CLAIMS 1. A method of encoding a signal using matching pursuits in which the signal, having a predetermined magnitude range, can be represented by a function and an associated function coefficient, the method comprising the steps of: selecting an optimum function and associated function coefficient from a predetermined range of function coefficients to optimally encode a portion of the signal ; characterised in that the selecting step further comprises limiting the range of function coefficients; and selecting the optimum function coefficient from the limited range of function coefficients to encode a portion of the signal within the magnitude range.
2. The method of claim 1, further comprising selecting a plurality functions and associated coefficients to optimally encode a portion of the signal where a portion of the signal cannot be encoded using a single function and associated function coefficient.

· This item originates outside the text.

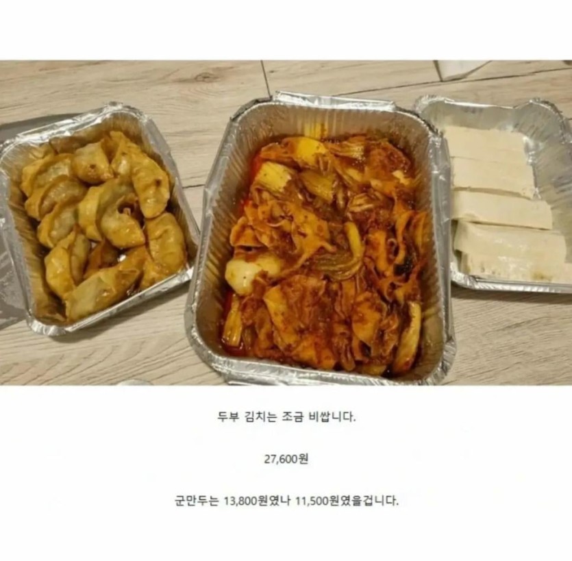 16,109원 짜리 냉면, 27,600원 두부김치 포장상태

3. The method of claim 1 or 2, further comprising setting the limit for the limited range of function coefficients to a predetermined level.
4. The method of claim 1,2, or 3, including supplying the signal as a video signal comprising encoded frames.
5. The method of claim 4, further comprising varying the limit for the limited range of function coefficients according to the type of encoded video frame.
6. The method of claim 4, or 5, further comprising varying the limit for the limited range of function coefficients according to the image content of an encoded frame.
7. The method of any preceding claim, further comprising statistically encoding the encoded signal.
8. Apparatus for encoding a signal using matching pursuits in which the signal, having a predetermined magnitude range, can be represented by a function and an associated function coefficient, the apparatus comprising: a selector for selecting an optimum function and associated function coefficient from a predetermined range of function coefficients to optimally encode a portion of the signal ; characterised in that the selector limits the range of function coefficients; and wherein the selector selects the optimum function coefficient from the limited range of function coefficients to encode a portion of the signal within the magnitude range.
9. The apparatus of claim 8, wherein the selector is adapted to select a plurality functions and associated coefficients to optimally encode a portion of the signal where a portion of the signal cannot be encoded using a single function and associated function coefficient.
10. The apparatus of claim 8 or 9, wherein the selector sets the limit for the range of function coefficients to a predetermined level.
11. The apparatus of claim 8,9, or 10, wherein the signal is a video signal comprising encoded frames.
12. The apparatus of claim 11, wherein the selector sets the limit for the range of function coefficients according to the type each encoded video frame.
13. The apparatus of claim 11, or 12, wherein the selector sets the limit for the limited range of function coefficients according to the image content of each encoded frame.
14. The apparatus of any preceding claim, further comprising statistically encoding the encoded signal.